Other Reports from Texas State Dem Convention


I am too tired to do my report, and may not get to it tomorrow because of other plans but I can link to others. I did not get out until after 6:30 PM and I then went with three very attractive and intelligent ladies to Kim Son Vietnamese restaurant where we stayed talking until after 10 PM. Long days, but I did drop off several resumes and had several conversations about positions.

Typically the Houston Chronicle, where the convention is being held, buried the first day below the fold in the local section and carried a non-story tortured headline "Democrats debate party loyalty at convention." There was no debate, people only wanted to hear Texas D's speak. The Chronicle headlines the only debate about this in the home district of both members. There are thirty-one districts. This minor matter apparently was made the headline and top of the article to move U.S. Senator Edwards electrifying speech back to page b36. Today, as of very early Sunday morning, they are only carrying a short AP story - "seemed more like a peace rally today" of the close of the convention.

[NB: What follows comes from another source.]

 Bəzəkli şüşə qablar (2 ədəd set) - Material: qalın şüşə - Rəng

The Free State Standard shows why the AP story was only somewhat slanted - "I did get to hear Dennis Kucinich speak. I was quite surprised at the number of Kuchinich supporters at the convention. However, he is so energetic and has such a powerful message I can see why his delegates are so devoted. Lots of folks were walking around with peace-related banners, and the atmosphere was totally electric."

Here is a more reasonable story of the first day from the San Antonio Express: VIP ... or VP?: Edwards energizes Texas Demos.

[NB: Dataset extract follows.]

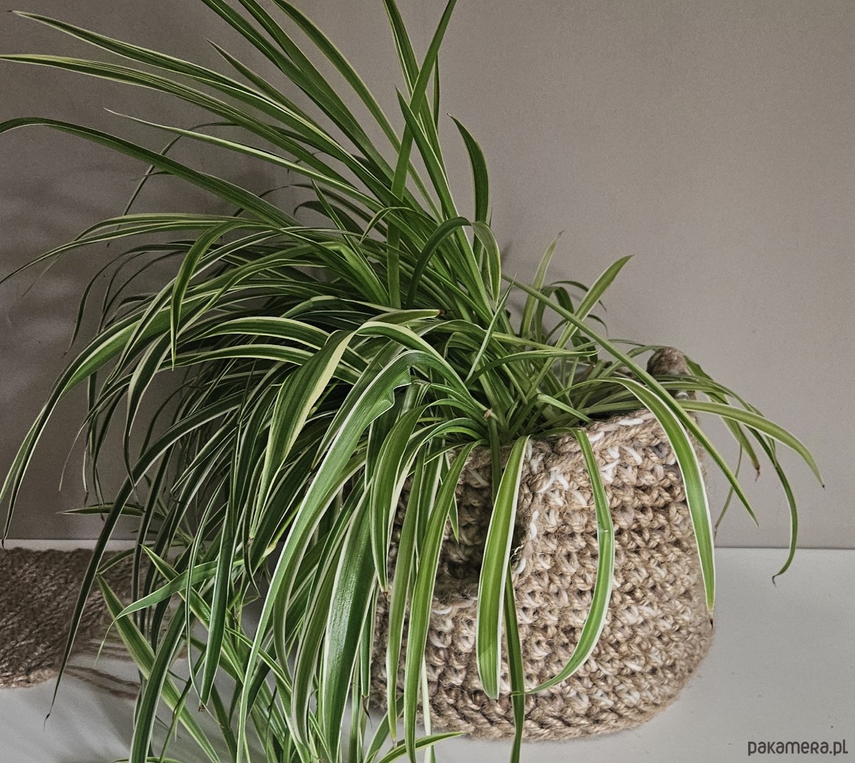 Konopie nadają mu trwałość i stabilność, a wełniana przędza dodaje lekkości oraz delikatnego, przytulnego charakteru. To połączenie sprawia, że kosz jest nie tylko praktyczny, ale też wyjątkowo dekoracyjny.

Houston Cable News has better reporting than the Chronicle, "the only metropolitan newspaper to never win a Pulitzer": Party faithful believe anger and resentment spawned by the redistricting fight could lead to some upsets in November.

Bloggers: Aggro mentions the poor technology workshop. I attended the later good one. Sarah also thinks Edwards would make a great VP, as did about everyone at the convention. Greg's Opinion: What a grind. There is more about the convention on his blog. Burnt Orange Report notes: "even though there are no "Dean" delegates, Dean people will make up around 1/4 of the Texas Delegation to Boston in July, around 75 people." I will note that there was the largest percentage of first-timers at a Democratic State Convention, some reports I heard from the platform say 80%, which seemed high for my district (maybe 30-40%) although others said that 80% was about right for theirs.

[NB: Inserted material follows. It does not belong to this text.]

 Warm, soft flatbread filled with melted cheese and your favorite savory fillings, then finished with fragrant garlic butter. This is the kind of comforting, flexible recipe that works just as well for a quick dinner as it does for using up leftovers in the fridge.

Partly why the convention got out hours late. Vince also does some name dropping and has a conversation with candidate Jim Nickerson. (I have a surprise email interview coming up.) I seem to always miss the blogger meetings - check out this one at the convention. Morrison said: "the DeLay scandals have upset a lot of Republicans who generally support limited government." Off the Kuff had some of the best linkage about the convention.

From my reading and understanding of Texas political history this was the most moderate and liberal Democratic convention ever and produced a great platform and resolutions. When the Democratic platform gets posted online it will invite a side-by-side comparison with the Republican party platform which seems written by the John Birch Society.

Something happened to the journalist blog that was supposed to occur.